El lenguaje que los padres usen será natural, claro, gramaticalmente correcto. Las frases serán frases sencillas en las cuales el niño pueda tener un modelo de lenguaje apropiado para su momento. El niño debe tener tiempo para contestar y así los padres pueden mantener un dialogo que busque ampliar el lenguaje y estimular el niño. El irá poco a poco haciendo intentos comunicativos, al principio con mayor uso de gestos que sonidos y progresivamente se ira acercando a las palabras. El niño debe encontrar respuesta positiva a cada intento comunicativo y así irá ampliando su vocabulario y sobre todo encontrando un estímulo para continuar su intento.

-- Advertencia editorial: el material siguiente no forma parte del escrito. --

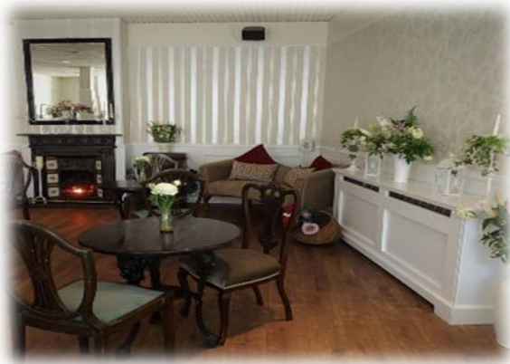
The Parlour vintage tea rooms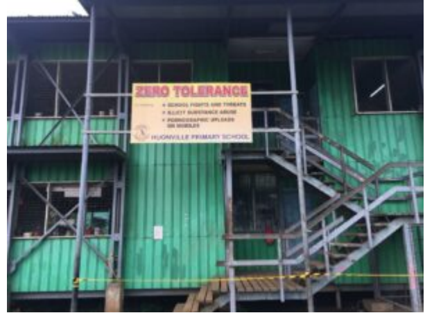
A sign at Huonville Primary School in Lae

Previously, we introduced our research project in Lae and provided some emerging results on the links between family and sexual violence (FSV) and financial hardship among the women we interviewed. This blog shares some emerging findings on the impact of FSV on school attendance, and the strategies used by schools to assist students experiencing periods of violence. It is based on interviews with 71 women, as well as senior staff in a number of Lae schools.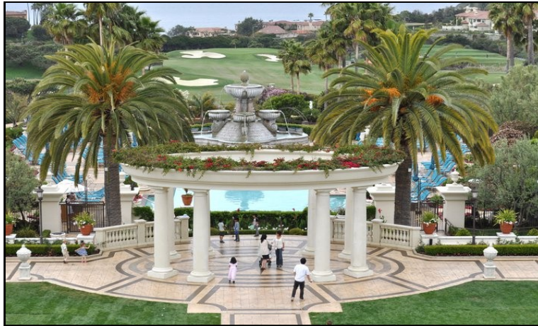
Give Light: The St. Regis Gala 2011

(Read more: http://www.givelight.org/projects/inspiration.htm )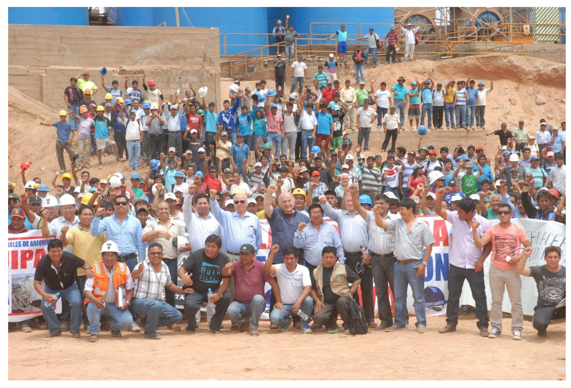
Chala (Arequipa), January 31, 2015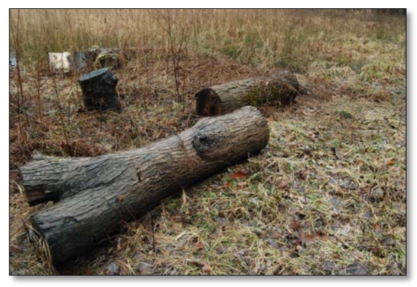
Photo 2: Long is best. You can cut off whatever you need for the day's activity without losing wood to checking.

That way, you can cut off any bad wood and you will be able to turn larger pieces. Photo 2 shows how I prefer to keep wood stored until I am ready to use it. A better method would be to store the logs up off the ground on pallets, if at all possible.

La adquisición de nuevo vocabulario también depende de la frecuencia en que el niño oiga las palabras; es necesario no solamente que las oiga dentro de un significado sino oírlas muchas veces. Así llegará a entenderlas para después usarlas. La experiencia que el niño tenga con el lenguaje será la que determine cuándo y qué vocabulario utilizará. Las palabras que el niño oye con más frecuencia, son las que desarrolla primero. Si las oye con poca frecuencia serán las que desarrollará más tarde o en el momento en que las oiga lo suficiente como para poderlas utilizar. Si él no tiene experiencia verbal significativa con una palabra, nunca desarrollará el sentido de esa palabra. Por ejemplo la palabra “sabroso” solamente la entenderá al saborear un helado o un dulce que le guste y su mamá pueda decirle está “sabroso” o está “feo” en caso contrario. Dentro del consultorio sin la experiencia no podrá asimilar el verdadero significado. Por lo tanto son los padres del niño los portadores del vocabulario que el niño debe ir aprendiendo puesto que es en la vida diaria donde realmente se le da al niño la oportunidad de aprender.

Los padres del niño con deficiencia auditiva deberán aprender qué hacer, cuándo hacerlo y cómo hacerlo. Necesitan saber cómo aprovechar cada momento del día para convertirlo en aprendizaje espontáneo y enriquecedor para el niño. El papel primordial del terapeuta, por lo tanto, será guiar a los padres en el camino del lenguaje oral de su hijo y sabrá utilizar cada actividad terapéutica como modelo de trabajo para que luego los padres puedan ampliar las actividades con el niño. El terapeuta hará seguimiento de actividades y respuestas en el hogar y podrá así guiar a los padres para utilizar cada momento de la vida cotidiana en función del lenguaje. Unos padres que participan activamente en la terapia y comprenden los objetivos día a día, serán capaces de transformar cualquier vivencia en un buen evento comunicativo en el que la experiencia auditiva lingüística sea enriquecedora, significativa y divertida y harán de la audición y el lenguaje una filosofía de vida.